16. Patents: Patent information related to Aspirin.

17. Interactions and Pathways: Biological interactions and pathways involving Aspirin.

18. Biological Test Results: Results from biological tests conducted on Aspirin.

19. Taxonomy: Taxonomic information related to Aspirin.

20. Classification: Classification information for Aspirin.

These sections provide a comprehensive overview of various aspects of Aspirin. Now, we will focus on detailed data from the first section, “Structures,” with the section ID “S1”.

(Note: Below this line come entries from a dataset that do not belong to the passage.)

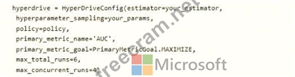 You want to use Hyperdrive to find parameters that optimize the AUC metric for the model. You configure a HyperDriveConfig for the experiment by running the following code: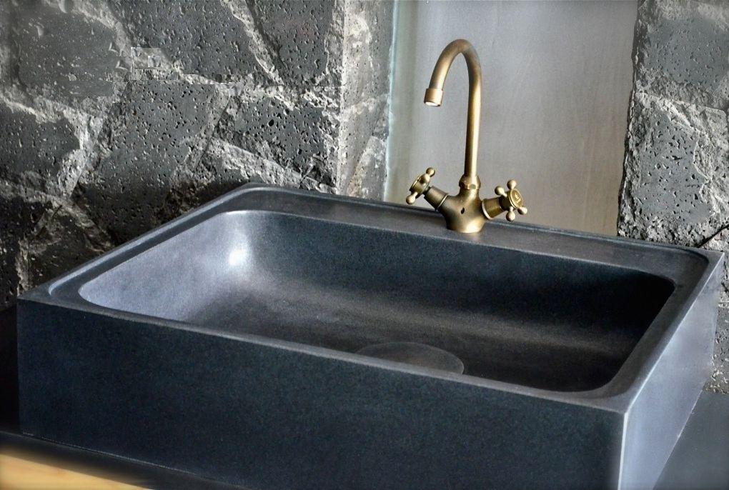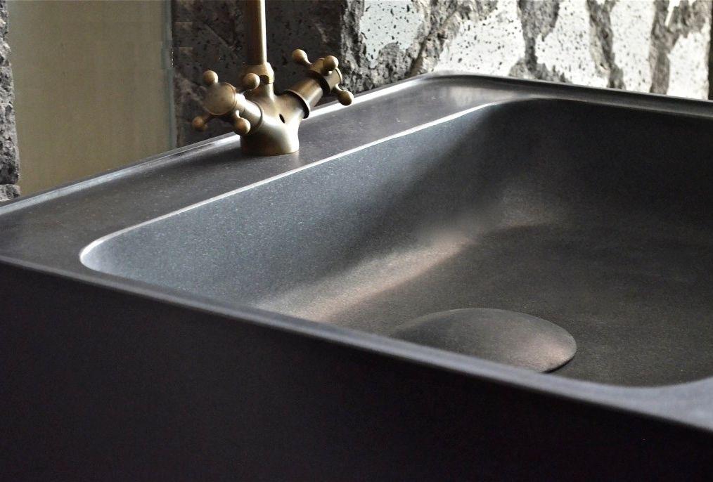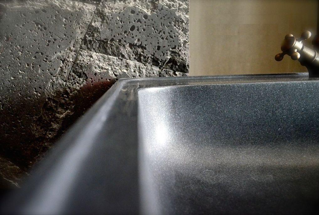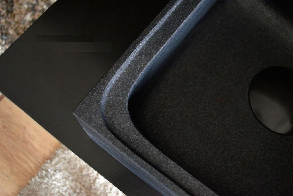На первый взгляд кажется, что мойка выполнена из искуственного материала на основе гранитной крошки, но это только видимость. Изделие вырезано из цельного блока натурального черного гранита Shanxi Black. На завершающем этапе камень приобрел лощеную фактуру поверхности, дающую этот бархатистый матовый блеск.
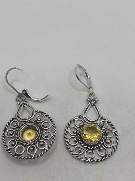 Vintage Citrine 925 Sterling Silver Lever Back Earrings
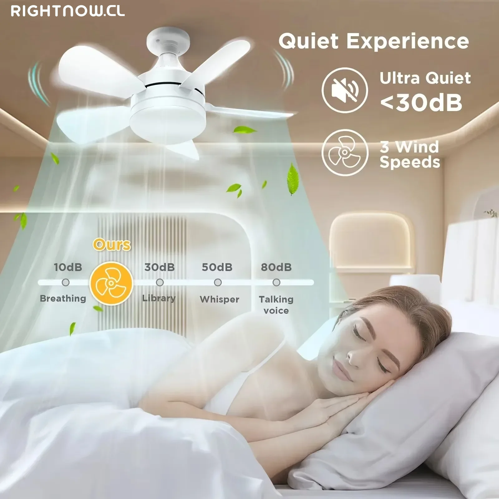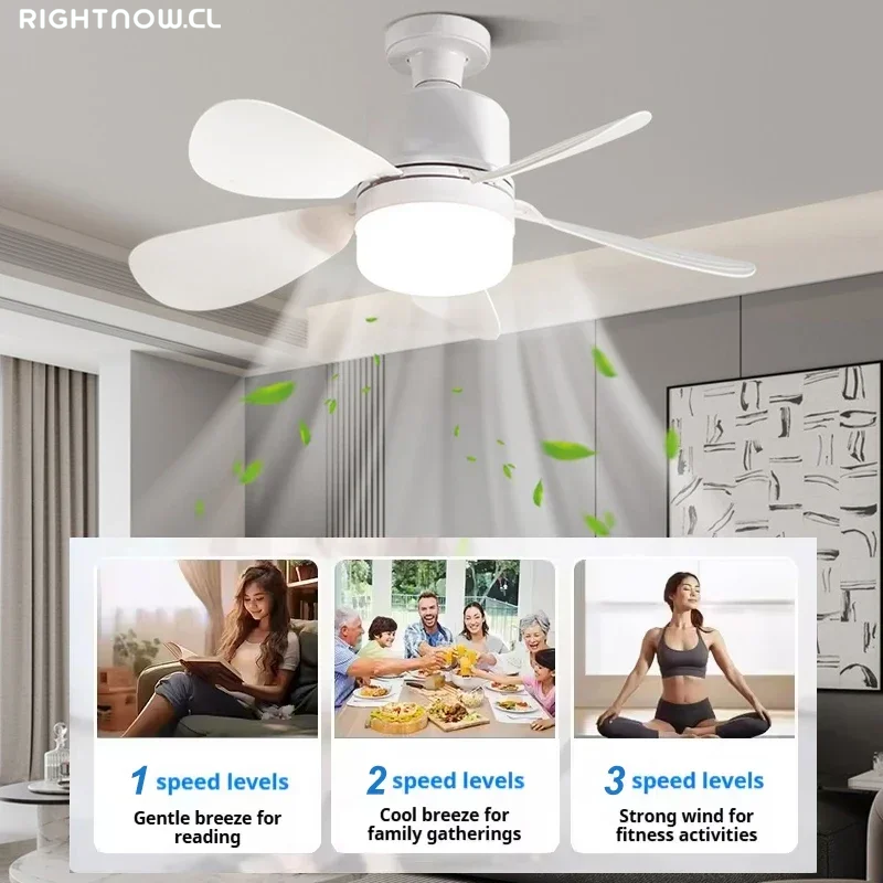Diseño 2 en 1: Este ventilador con luz de casquillo E27 es ideal para ahorrar espacio, combinando la funcionalidad de un ventilador y una lámpara en un solo dispositivo.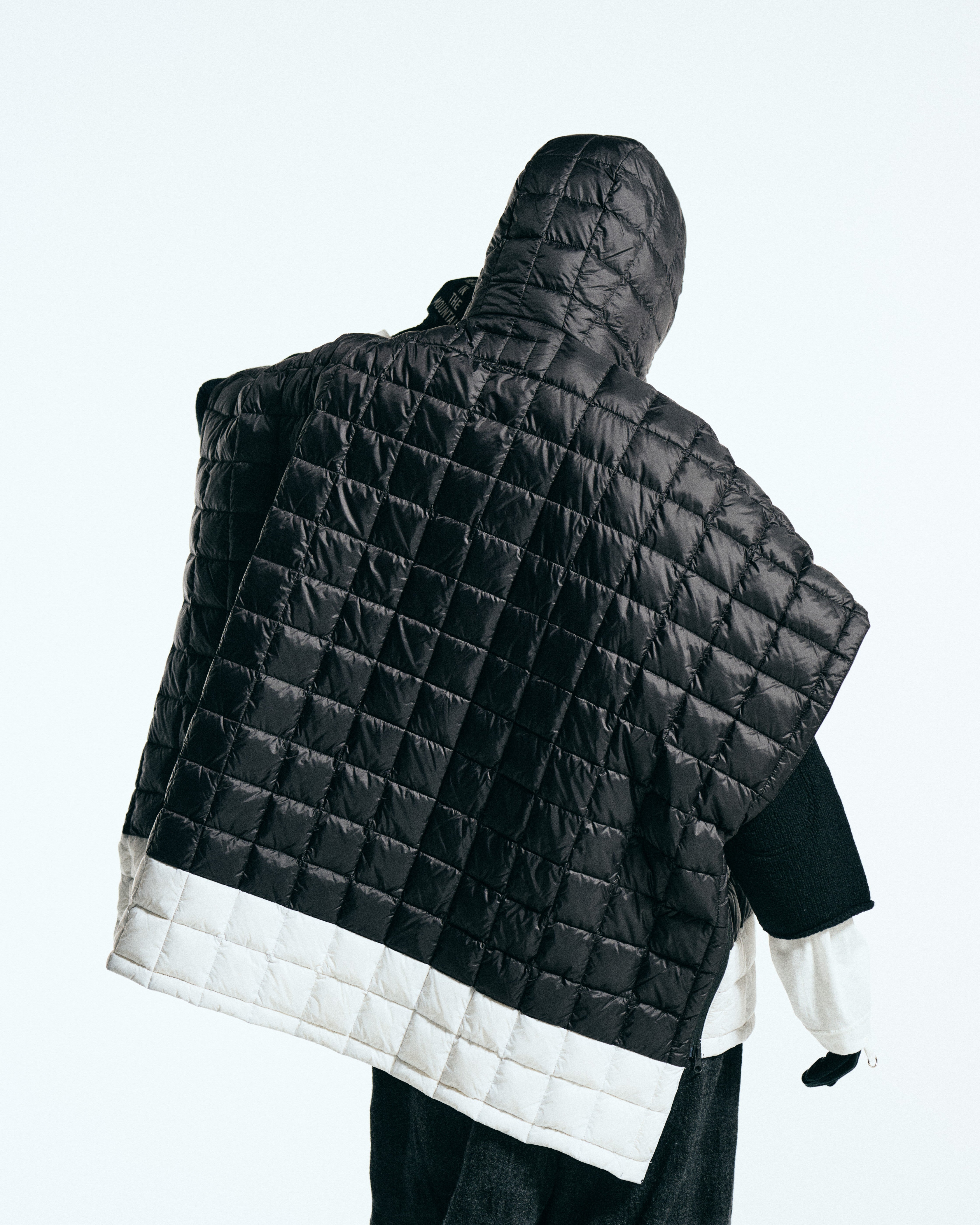 This limited-edition mountain down poncho, born from the collaboration between Mountain Research x TAION, is the ultimate expression of modern utility.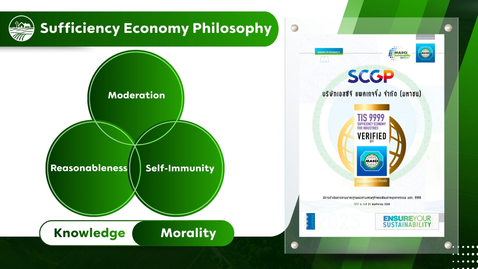 SCGP Receives TIS 9999 Standard Certification, Reflecting Sustainable Business Practices Loading Data… SCGP receives certification under the Guidance on sufficiency economy philosophy, TIS 9999 (Guidance on sufficiency economy for industries, TIS. 9999), marking another significant milestone in conducting business based on balance, stability, and sustainability. This achievement is the result of strong collaboration across all functions and also covers SCGP’s subsidiaries in Thailand, which are driving the organization in the same direction through shared concepts and concrete practices.TIS 9999 is a standard certified by the ISO Certification Institute and serves as guidance based on the Sufficiency economy philosophy. It is founded on three core principles: moderation, reasonableness, and self-immunity, underpinned by the conditions of knowledge and morality. The objective is to enable organizations to grow while caring for society and the environment in line with sustainable development principles. This certification demonstrates SCGP’s management strategy that emphasizes business efficiency while placing importance on long-term value creation and balanced, sustainable responsibility toward all stakeholders, leading to shared success. Related Contents Loading Data…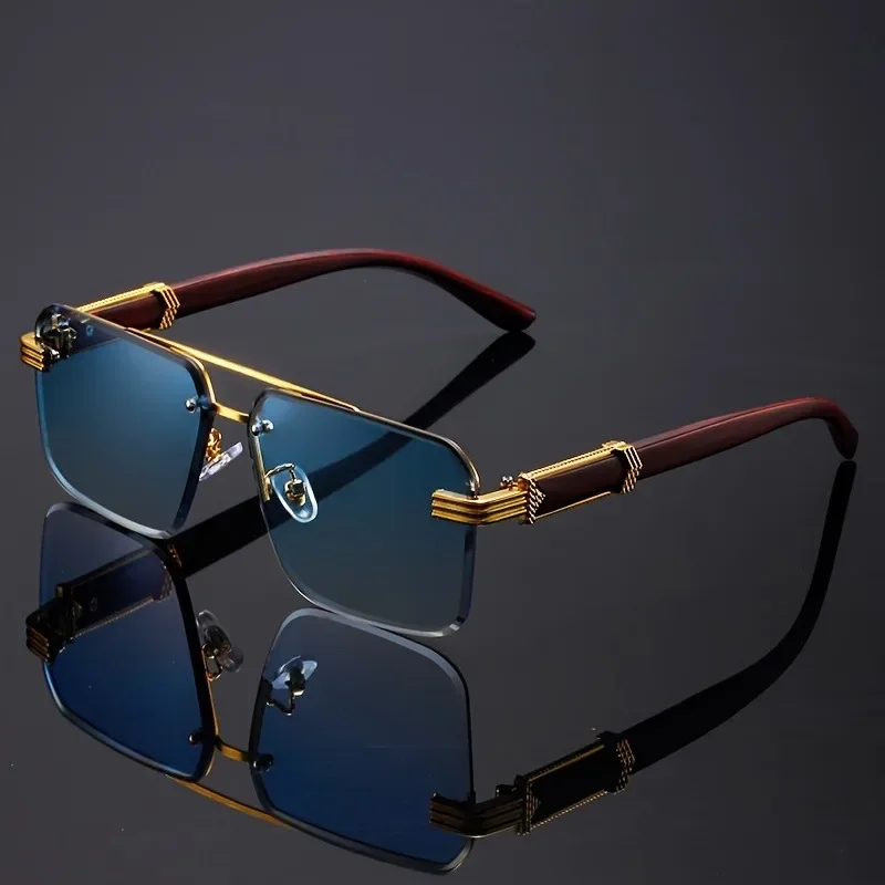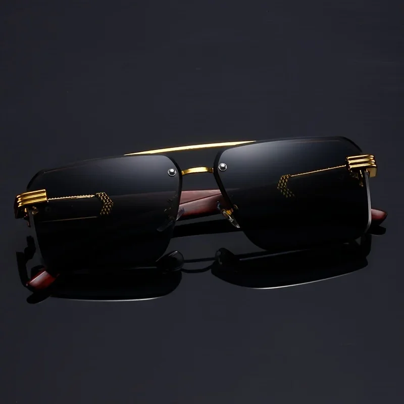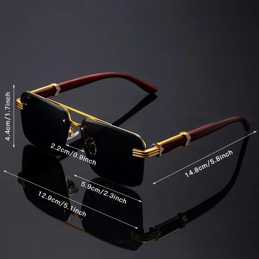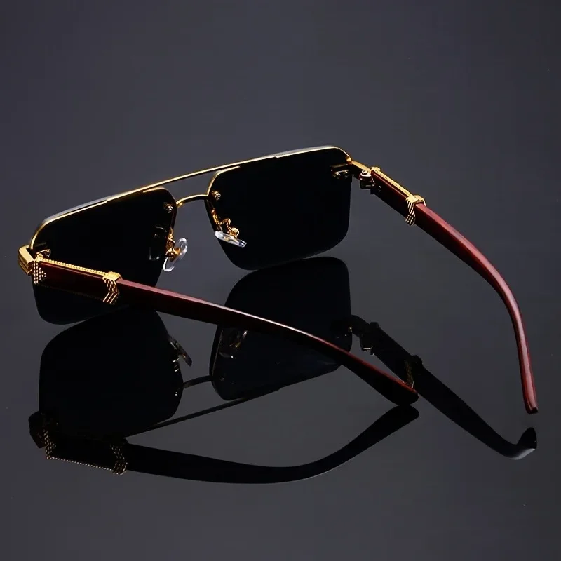 Women's Frameless Double Beam Fashion Sunglasses Golden Border Wood Grain Bracket for Male and Female Drivers Black Eyeglasses

First, we assign the section to an object using the section function and then examine its contents:

s1 <- section(object = sections, .id = "S1")

The output provides an overview of the “Structures” section:

s1


 PUG View Data Sections (Structures) 

 Request Details: 
  - Record Type: CID
  - Record Number: 2244
  - Record Title: Aspirin

 Section Details: 
  - TOCHeading (1): [<unnamed character>] 
  - Description (1): [<unnamed character>] 
  - Section (3): [<unnamed list>] 2D Structure, 3D Conformer, ... and 1 more.

 NOTE: Run getter function 'retrieve()' with element name above to extract data from corresponding list. 
       See ?retrieve for details. 

 NOTE: Run getter function 'section()' to extract section data. To list available sections, run 'sectionList()'. 
       See ?section and ?sectionList for details.

Next, we list the sub-sections within the “Structures” section. The output shows the available sub-sections:

sectionList(object = s1)

# A tibble: 3 × 2
  SectionID Headings          
  <chr>     <chr>             
1 S1        2D Structure      
2 S2        3D Conformer      
3 S3        Crystal Structures

This breakdown allows us to see that the “Structures” section contains detailed depictions of Aspirin, including 2D structures, 3D conformers, and crystal structures. Each sub-section can be further explored to gain more specific information about the molecular structure of Aspirin.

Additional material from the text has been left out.